Desde la perspectiva materialista en que Horkheimer lo indica, es justo decirlo, no se condena


a Montaigne, pero si se pone en relieve el peligro acechante del humanismo moderno
convertido en humanismo burgués a un paso del nihilismo atomizado en el que pueden y
acaban derivando formas de subjetivación indolentes.

Advertido el peligro acechante en la crítica de Horkheimer, de todas maneras, cabe apuntar


que la emergencia de la subjetividad llego para quedarse con el resquebrajamiento del mundo
encantado y subsumido en la cosmovisión teológica pues la subjetividad es, en efecto, el
producto del movimiento de la pérdida de la seguridad y del vértigo de búsqueda que se
incita.

Por último, y cerrando este origen de la modernidad en Montaigne, diremos que la


acumulación de citas, la, a veces, errática conexión de pensamientos, el deslumbramiento que
provocan determinadas reflexiones, hacen que la lucidez no pueda relatarse, contarse, sino
que solo mostrarse.

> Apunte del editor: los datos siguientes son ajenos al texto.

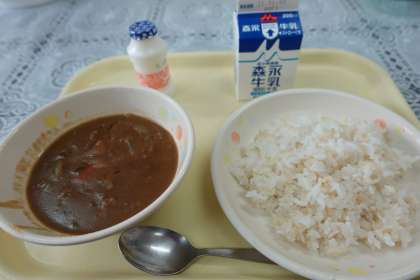 今日の献立は、カレーシチュー、玄米ご飯、ヨーク、牛乳です。今日は子どもたちに人気のメニューです。
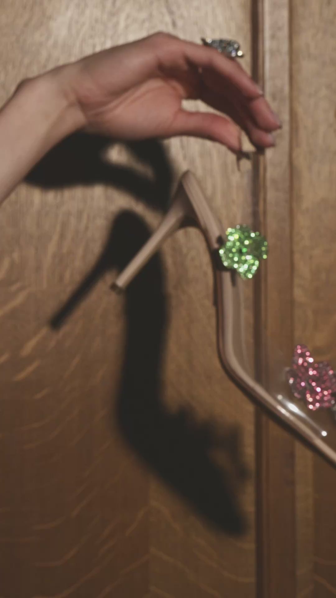 Clear PVC, nude patent leather and light yellow-rose-mint crystal flower embellishment / leather sole / leather insole / signature A logo / Heel height: approximately 8.5cm / Italian Fit / We suggest taking half size or one size up than your true size

La sensación, espero, de ustedes estudiantes lectores de Montaigne,
debiera ser la de quién contempla la sabiduría: que la sabiduría es, está se ejerce, pero no se
enseña ni se explica. Se adquiere solo con la inoculación del dolor de la lucidez y el constante
trabajo de relatarnos a nosotros mismos, a tientas, persiguiendo siempre de dotarnos de
sentidos que serán irremediablemente provisorios pero que, en su devenir, en el mismo
ejercicio de hacerlo, nos convertirán en Sujetos con S mayúscula.